- Theatrical release poster
- Directed by: Jim McBride
- Screenplay by: Arturo Pérez-Reverte (novel) Jim McBride Michael Hirst Jack Baran
- Based on: The Flanders Panel by Arturo Pérez-Reverte
- Produced by: Enrique Posner Jack Baran
- Starring: Kate Beckinsale John Wood Sinéad Cusack Paudge Behan Art Malik
- Cinematography: Affonso Beato
- Edited by: Eva Gardos
- Music by: Philippe Sarde
- Production companies: Ciby UK Barnholtz Entertainment
- Distributed by: Ciby 2000
- Release dates: May 1994 (France); 5 January 1995 (Germany);
- Running time: 112 minutes
- Country: United Kingdom
- Language: English

= Uncovered (film) =

1994 film

Uncovered is a 1994 British thriller film starring Kate Beckinsale. Beckinsale plays an art expert who faces danger after discovering a clue to a 500-year-old murder mystery in a Flemish painting. Directed by Jim McBride, the film is based on a novel by Arturo Pérez-Reverte called The Flanders Panel.

==Plot==
Julia, an art restorer living in Barcelona, Spain, discovers a painted-over message on a 1471 Flemish masterpiece called La partida de ajedrez (The Chess Game) reading "Qvis Necavit Eqvitem", written in Latin (English: "Who killed the knight?").

With the help of her old friend and father-figure, the flamboyantly homosexual César, who lives at Casa Batlló, and Domenec, a local chess genius Julia found in Park Güell, Julia works to uncover the mystery of a 500-year-old murder.
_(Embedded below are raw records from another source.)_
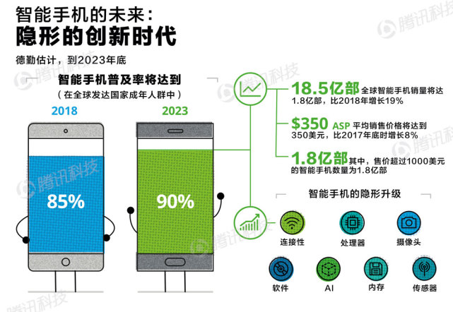 德勤预计,到2023年底,在全球发达国家成年人群中,智能手机普及率将达到90%,而2018年这一数字为85%。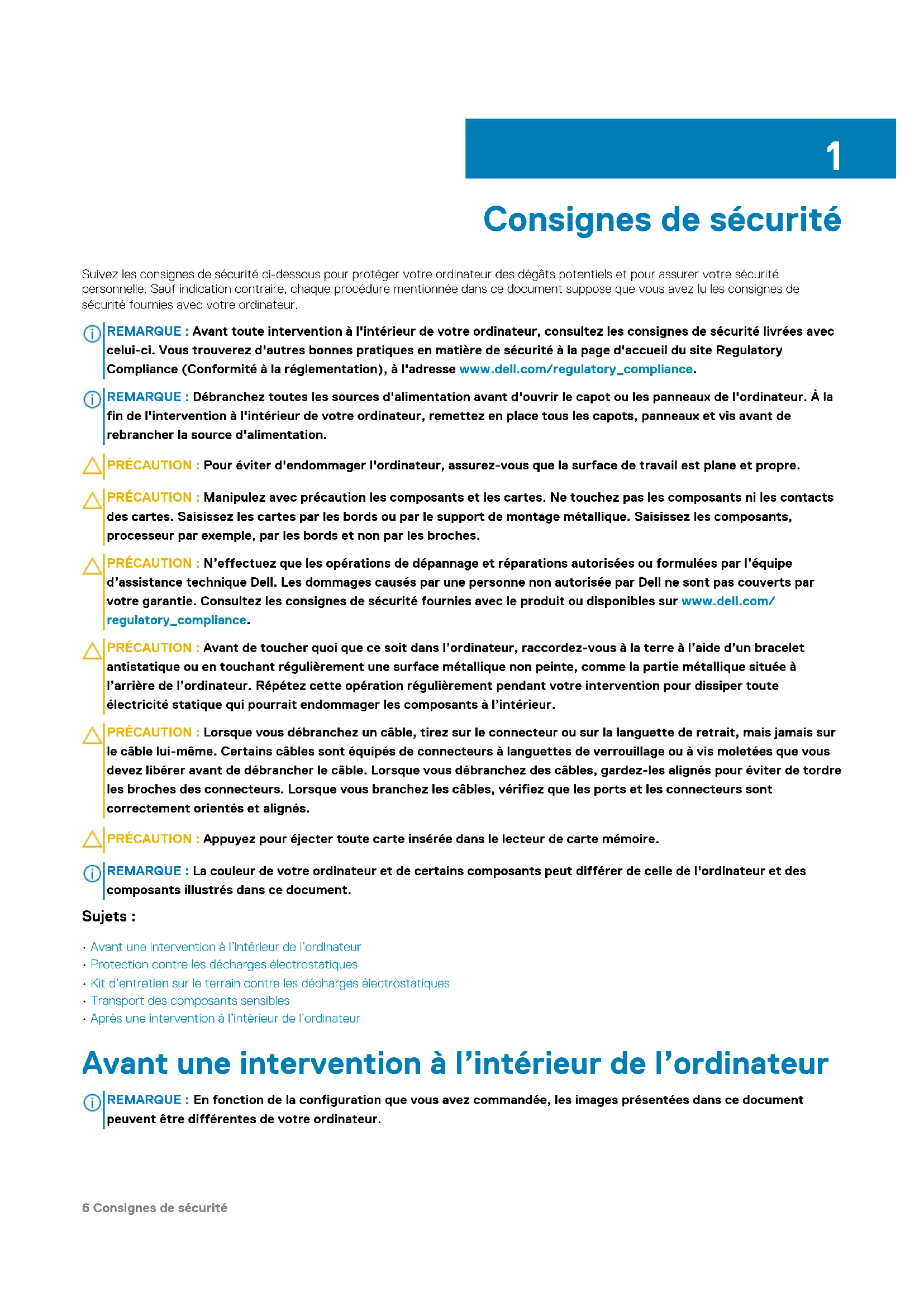 - 6 Obtenir de l’aide et contacter Dell Table des matières 5Consignes de sécurité Suivez les consignes de sécurité ci-dessous pour protéger votre ordinateur des dégâts potentiels et pour assurer votre sécurité personnelle. Sauf indication contraire, chaque procédure mentionnée dans ce document suppose que vous avez lu les consignes de sécurité fournies avec votre ordinateur. REMARQUE : Avant toute intervention à l'intérieur de votre ordinateur, consultez les consignes de sécurité livrées avec celui-ci. Vous trouverez d'autres bonnes pratiques en matière de sécurité à la page d'accueil du site Regulatory Compliance (Conformité à la réglementation), à l'adresse www.dell.com/regulatory_compliance. REMARQUE : Débranchez toutes les sources d'alimentation avant d'ouvrir le capot ou les panneaux de l'ordinateur. À la fin de l'intervention à l'intérieur de votre ordinateur, remettez en place tous les capots, panneaux et vis avant de rebrancher la source d'alimentation. PRÉCAUTION : Pour éviter d'endommager l'ordinateur, assurez-vous que la surface de travail est plane et propre. PRÉCAUTION : Manipulez avec précaution les composants et les cartes. Ne touchez pas les composants ni les contacts des cartes. Saisissez les cartes par les bords ou par le support de montage métallique. Saisissez les composants, processeur par exemple, par les bords et non par les broches. PRÉCAUTION : N’effectuez que les opérations de dépannage et réparations autorisées ou formulées par l’équipe d’assistance technique Dell. Les dommages causés par une personne non autorisée par Dell ne sont pas couverts par votre garantie. Consultez les consignes de sécurité fournies avec le produit ou disponibles sur www.dell.com/ regulatory_compliance. PRÉCAUTION : Avant de toucher quoi que ce soit dans l’ordinateur, raccordez-vous à la terre à l’aide d’un bracelet antistatique ou en touchant régulièrement une surface métallique non peinte, comme la partie métallique située à l’arrière de l’ordinateur. Répétez cette opération régulièrement pendant votre intervention pour dissiper toute électricité statique qui pourrait endommager les composants à l’intérieur. PRÉCAUTION : Lorsque vous débranchez un câble, tirez sur le connecteur ou sur la languette de retrait, mais jamais sur le câble lui-même. Certains câbles sont équipés de connecteurs à languettes de verrouillage ou à vis moletées que vous devez libérer avant de débrancher le câble. Lorsque vous débranchez des câbles, gardez-les alignés pour éviter de tordre les broches des connecteurs. Lorsque vous branchez les câbles, vérifiez que les ports et les connecteurs sont correctement orientés et alignés. PRÉCAUTION : Appuyez pour éjecter toute carte insérée dans le lecteur de carte mémoire. REMARQUE : La couleur de votre ordinateur et de certains composants peut différer de celle de l'ordinateur et des composants illustrés dans ce document. Sujets : p. 92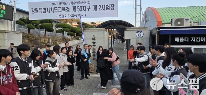 [동해=뉴스핌] 이형섭 기자 = 2026학년도 대학수학능력 시험이 치러지는 강원 동해시 북평여자고등학교 정문에서 김기하 강원도의원, 서순원 동해교육장, 신영선 동해시 경제산업국장, 천수정 동해시 체육교육과장을 비롯한 학교운영위원회 위원, 학원관계자 등이 고3 수험생들을 응원하고 있다.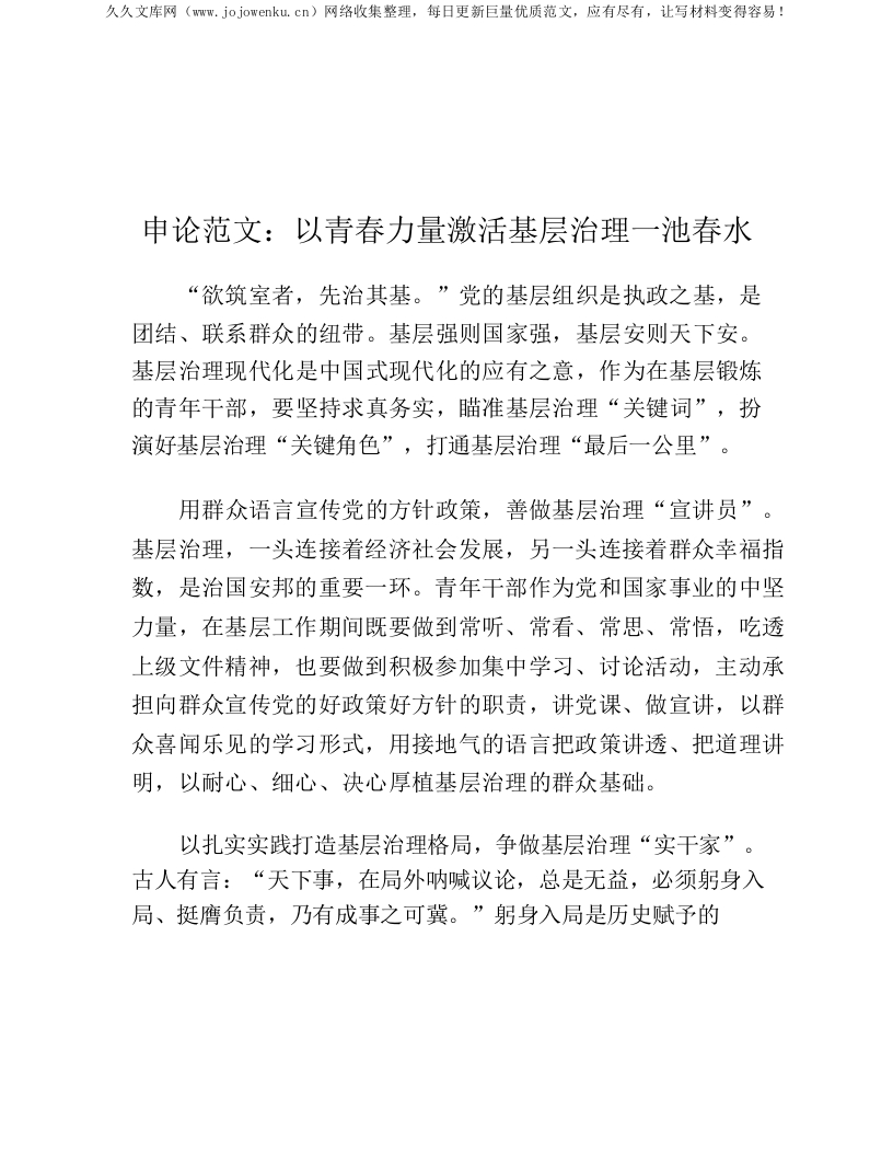 申论范文:以青春力量激活基层治理一池春水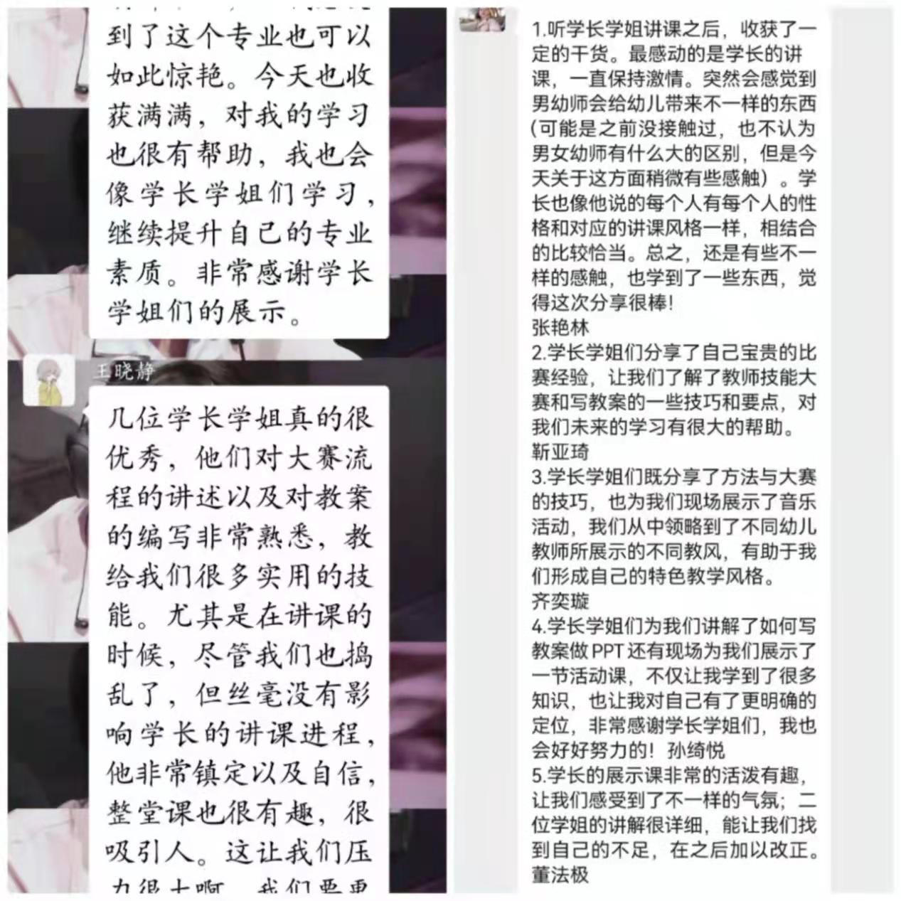 整个过程持续一个多月,为了方便指导教师与同学们进行及时沟通,建立了“教师技能大赛”的微信群。笔试部分每周都会进行一次测试。歌曲弹唱和歌表演每周进行两次指导,每次指导时间持续3个小时左右,每位同学单独把所有参赛曲目进行弹唱,老师们也会为不同的同学编排不同的舞蹈动作,参赛同学在教师技能大赛的微信群里每天发视频进行汇报,老师们进行线上指导。教学设计和模拟教学部分大约每隔一天都会进行面对面辅导,指导老师提供优秀的教案及幼儿园优秀教学视频供同学们选择,参赛同学制作教案进行展示,老师们会逐一指出问题让其修改或重新选择教案;五个领域的教案初步确定后,每次每位同学会展示2~3个领域,老师们会对每位同学进行更加细致、全面的指导。所有指导老师都在辛勤付出,或是专程来新校区指导、或是在上完课之后再为同学们辅导,即使回到家中仍然在线上指导同学们修改、完善教案;参赛同学也非常努力、认真,不断打磨教案、完善课件、调整教态,不断进行反思提高。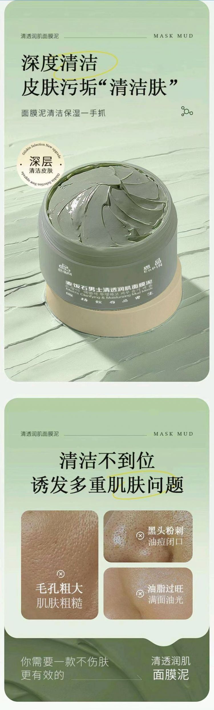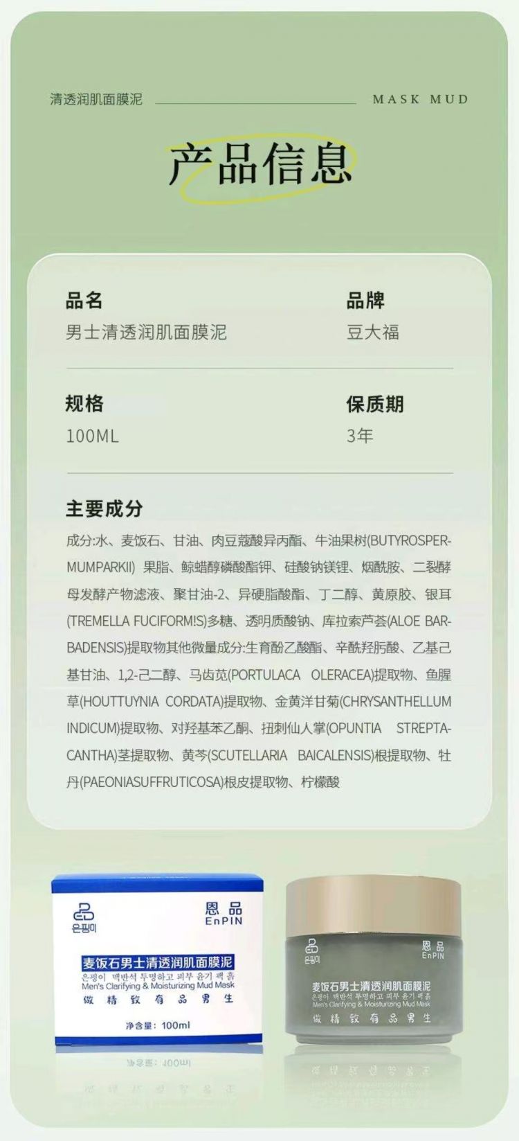 叶大福金点麦饭石清透润肌男士面膜泥100ml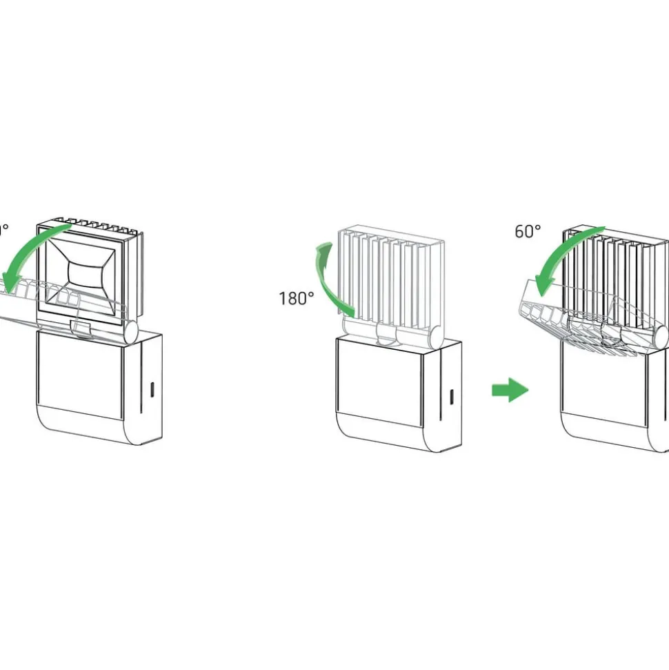 DeLeda S10L outdoor LED spot is uitgerust met een krachtige LED-lichtbron die de omgeving helder en veilig verlicht met intens, universeel wit licht. De draaibare en kantelbare schijnwerperkop zorgt voor een uitgebreide verlichting zowel naar de zijkant (± 40°) als naar beneden (70°). Hij kan ook 180° gedraaid worden om de muur te verlichten.

At the same time, however, Julia faces danger of her own, as several people helping her along her search are also murdered.

==Cast==
- Kate Beckinsale as Julia
- John Wood as César
- Sinéad Cusack as Menchu
- Paudge Behan as Domenec
- Art Malik as Álvaro
- Helen McCrory as Lola
- Michael Gough as Don Manuel
- Peter Wingfield as Max
- Anthony Milner as Inspector
- James Villiers as Montegrifo

== Reception ==
Noting that the cast of Uncovered was "an amazing array of BBC regulars", the Reno Gazette-Journal argued that the film "plays in a very over-acted character", but called out Irish actor Paudge Behan as its "bright spot". Video Store Magazine called the film "a clever thriller that blends seemingly unfilmable subjects – art restoration, chess playing – into an intriguing whodunit", saying "Beckinsale is charming and lovely".